* [Activity]: Below is a listing; transcribe it exactly but without any images.

* [Task inputs]:
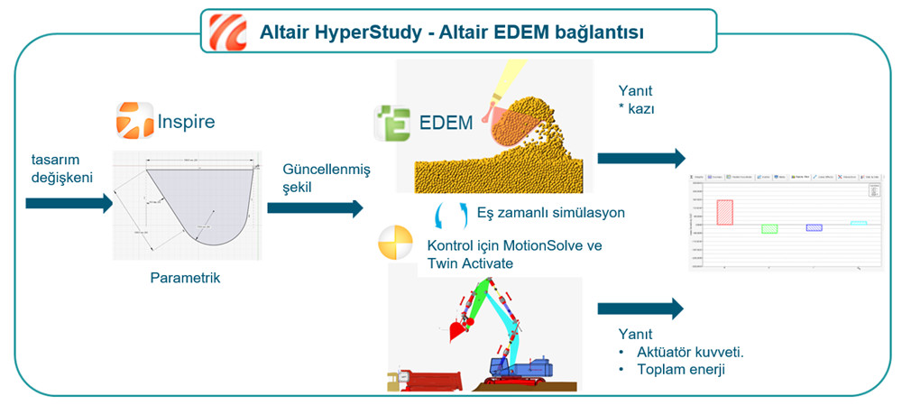 - Ekskavatörün, parçacık doldurma hareketine yönelik eş zamanlı simülasyon için Altair MotionSolve – Altair EDEM ( Mekanik sistem simülasyonu & dökme malzeme simülasyonu)
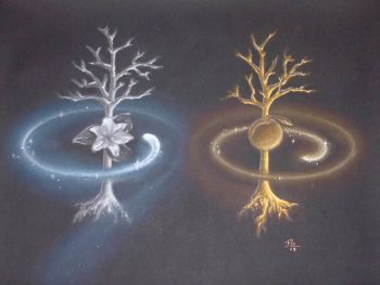 So sieht mein Wappen aus, dass Familienwappen ist ohne meinen Namen versteht sich. Es symbolisiert die Telperion, in einem Baum vereint (blau/rot) und die Äste fehlen. Die Blätter des Baumes liegen wie Sterne in der Luft.
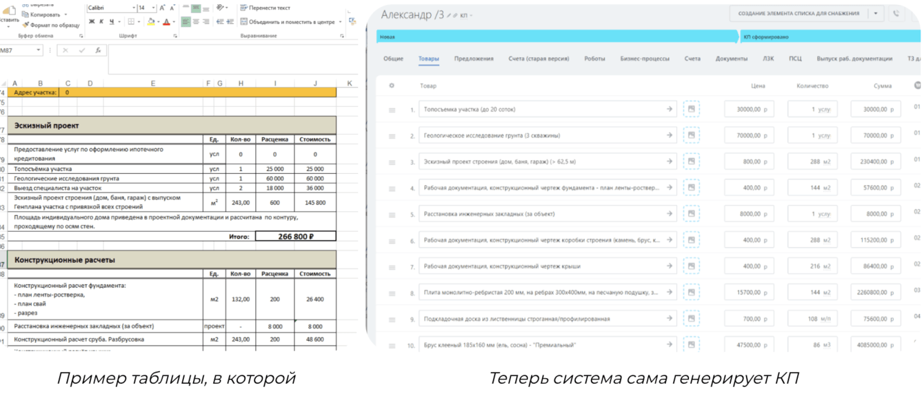 Сокращение времени на создание КП: Время на подготовку коммерческих предложений сократилось на 80%.
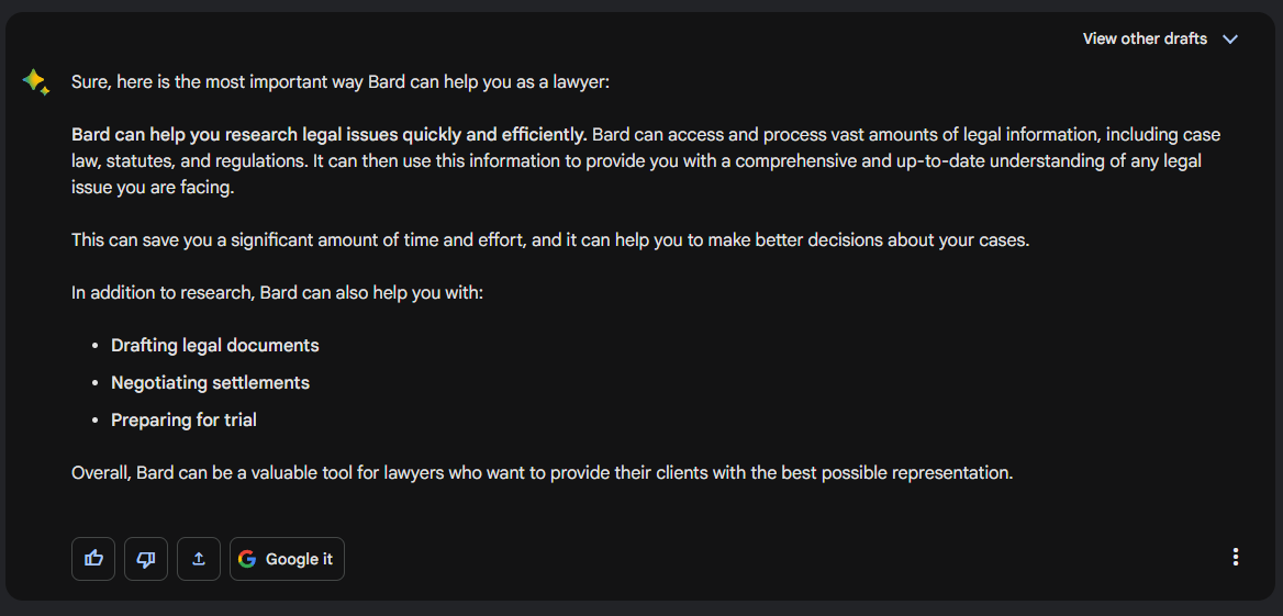 生成式 AI (在本例中為 Bard) 的響應可能是
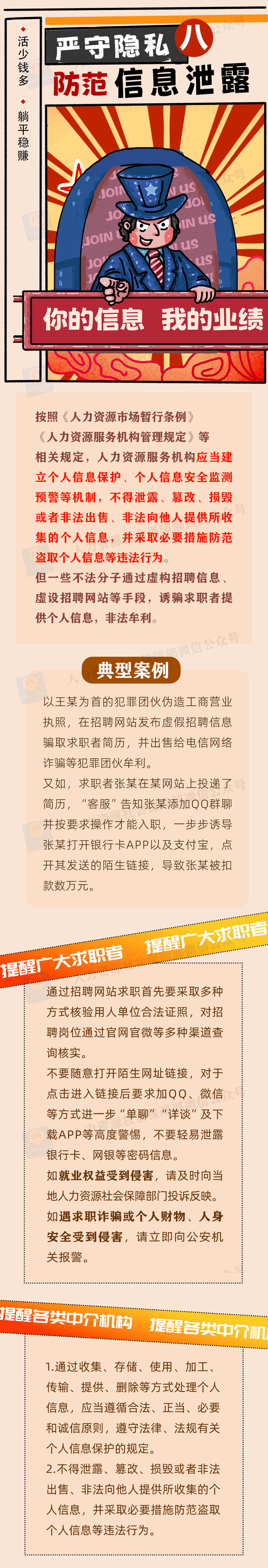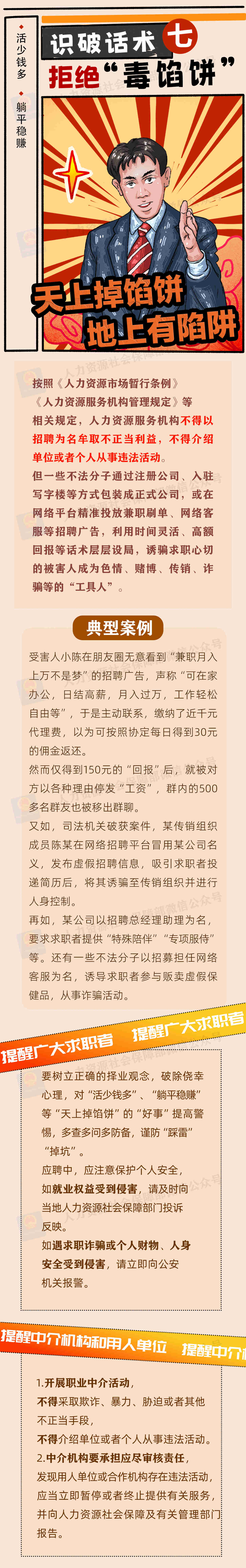 为加强风险防范,人力资源社会保障部、中央网信办、教育部联合发布招聘欺诈典型案例,揭示不法分子的惯用手法和话术套路,帮助高校毕业生等广大求职者提高风险识别意识,增强自我保护能力。
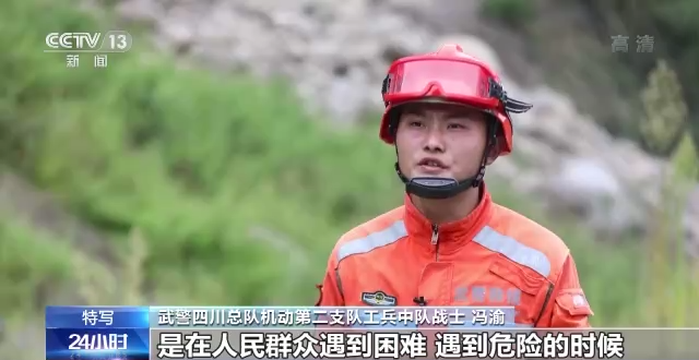 武警四川总队机动第二支队工兵中队战士 冯渝:是在人民群众遇到困难,遇到危险的时候,第一个冲锋陷阵,第一个起到模范作用。
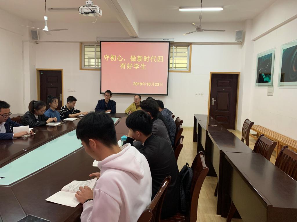 10月23日,信阳学院理工学院学生第一党支部在理工楼201会议室开展以“守初心,做新时代四有好学生”为主题的讨论活动。作为新时代的大学生,更应该争做“有理想、有道德、有纪律、有文化”的四有好学生。会议由支部书记杨晓杰、副书记张帆和学生第一党支部全体成员参加此次会议。
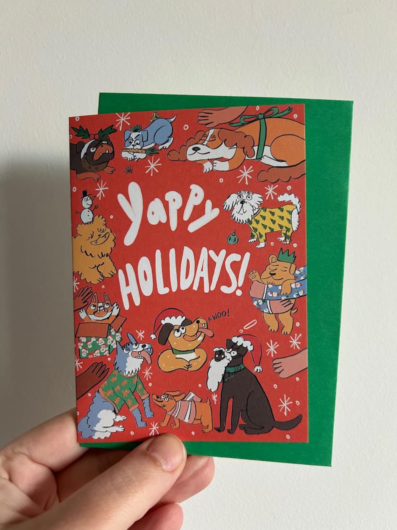 [{"id":57529598738813,"title":"Default Title","option1":"Default Title","option2":null,"option3":null,"sku":"HN 2B 144","requires_shipping":true,"taxable":true,"featured_image":null,"available":true,"name":"Yappy Holidays Card","public_title":null,"options":["Default Title"],"price":350,"weight":0,"compare_at_price":null,"inventory_management":"shopify","barcode":"HN 2B 144","requires_selling_plan":false,"selling_plan_allocations":[]}]
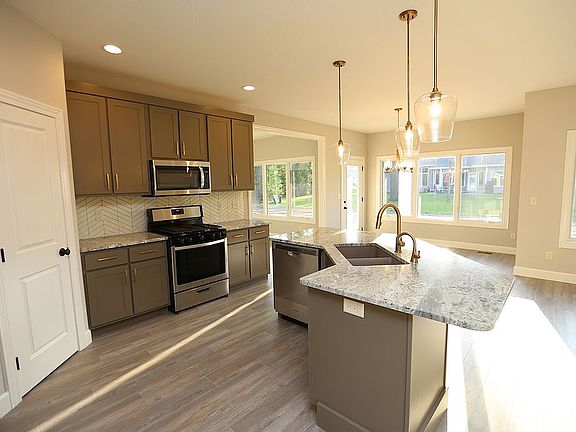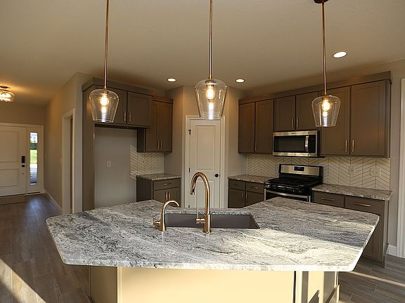 Beautiful new split bedroom ranch home under construction Southwest with a rear covered veranda. The craftsman exterior has a 6' deep front porch. Welcome guests in this beautiful foyer with a barn door accent. The great room has a corner gas fireplace with a stone surround. The kitchen has custom maple painted cabinetry with crown molding, island withbreakfast bar, granite countertops, 9' x 6' pantry, undermount sink, tile backsplash and stainless steel gas range, dishwasher and microwave. Just off the nook is a sunroom. The main bathroom has a larger tub/shower, linen closet and 3' vanity. At the opposite end of the home is the private owner's suite. This large room has a tray ceiling and large bathroom with a double sink vanity, 7'x4' porcelain tile shower, stool room and large closet. The laundry room has cabinetry for storage and folding. Other features of this home include: 9' ceilings, resilient plank flooring in the foyer, kitchen, nook, great room, sunroom and main bathroom, painted trim work,Andersen high performance windows and a large concrete patio.

* [Response]:
 - Ekskavatörün, parçacık doldurma hareketine yönelik eş zamanlı simülasyon için Altair MotionSolve – Altair EDEM ( Mekanik sistem simülasyonu & dökme malzeme simülasyonu)
 So sieht mein Wappen aus, dass Familienwappen ist ohne meinen Namen versteht sich. Es symbolisiert die Telperion, in einem Baum vereint (blau/rot) und die Äste fehlen. Die Blätter des Baumes liegen wie Sterne in der Luft.
 Сокращение времени на создание КП: Время на подготовку коммерческих предложений сократилось на 80%.
 生成式 AI (在本例中為 Bard) 的響應可能是
 为加强风险防范,人力资源社会保障部、中央网信办、教育部联合发布招聘欺诈典型案例,揭示不法分子的惯用手法和话术套路,帮助高校毕业生等广大求职者提高风险识别意识,增强自我保护能力。
 武警四川总队机动第二支队工兵中队战士 冯渝:是在人民群众遇到困难,遇到危险的时候,第一个冲锋陷阵,第一个起到模范作用。
 10月23日,信阳学院理工学院学生第一党支部在理工楼201会议室开展以“守初心,做新时代四有好学生”为主题的讨论活动。作为新时代的大学生,更应该争做“有理想、有道德、有纪律、有文化”的四有好学生。会议由支部书记杨晓杰、副书记张帆和学生第一党支部全体成员参加此次会议。
 [{"id":57529598738813,"title":"Default Title","option1":"Default Title","option2":null,"option3":null,"sku":"HN 2B 144","requires_shipping":true,"taxable":true,"featured_image":null,"available":true,"name":"Yappy Holidays Card","public_title":null,"options":["Default Title"],"price":350,"weight":0,"compare_at_price":null,"inventory_management":"shopify","barcode":"HN 2B 144","requires_selling_plan":false,"selling_plan_allocations":[]}]
 Beautiful new split bedroom ranch home under construction Southwest with a rear covered veranda. The craftsman exterior has a 6' deep front porch. Welcome guests in this beautiful foyer with a barn door accent. The great room has a corner gas fireplace with a stone surround. The kitchen has custom maple painted cabinetry with crown molding, island withbreakfast bar, granite countertops, 9' x 6' pantry, undermount sink, tile backsplash and stainless steel gas range, dishwasher and microwave. Just off the nook is a sunroom. The main bathroom has a larger tub/shower, linen closet and 3' vanity. At the opposite end of the home is the private owner's suite. This large room has a tray ceiling and large bathroom with a double sink vanity, 7'x4' porcelain tile shower, stool room and large closet. The laundry room has cabinetry for storage and folding. Other features of this home include: 9' ceilings, resilient plank flooring in the foyer, kitchen, nook, great room, sunroom and main bathroom, painted trim work,Andersen high performance windows and a large concrete patio.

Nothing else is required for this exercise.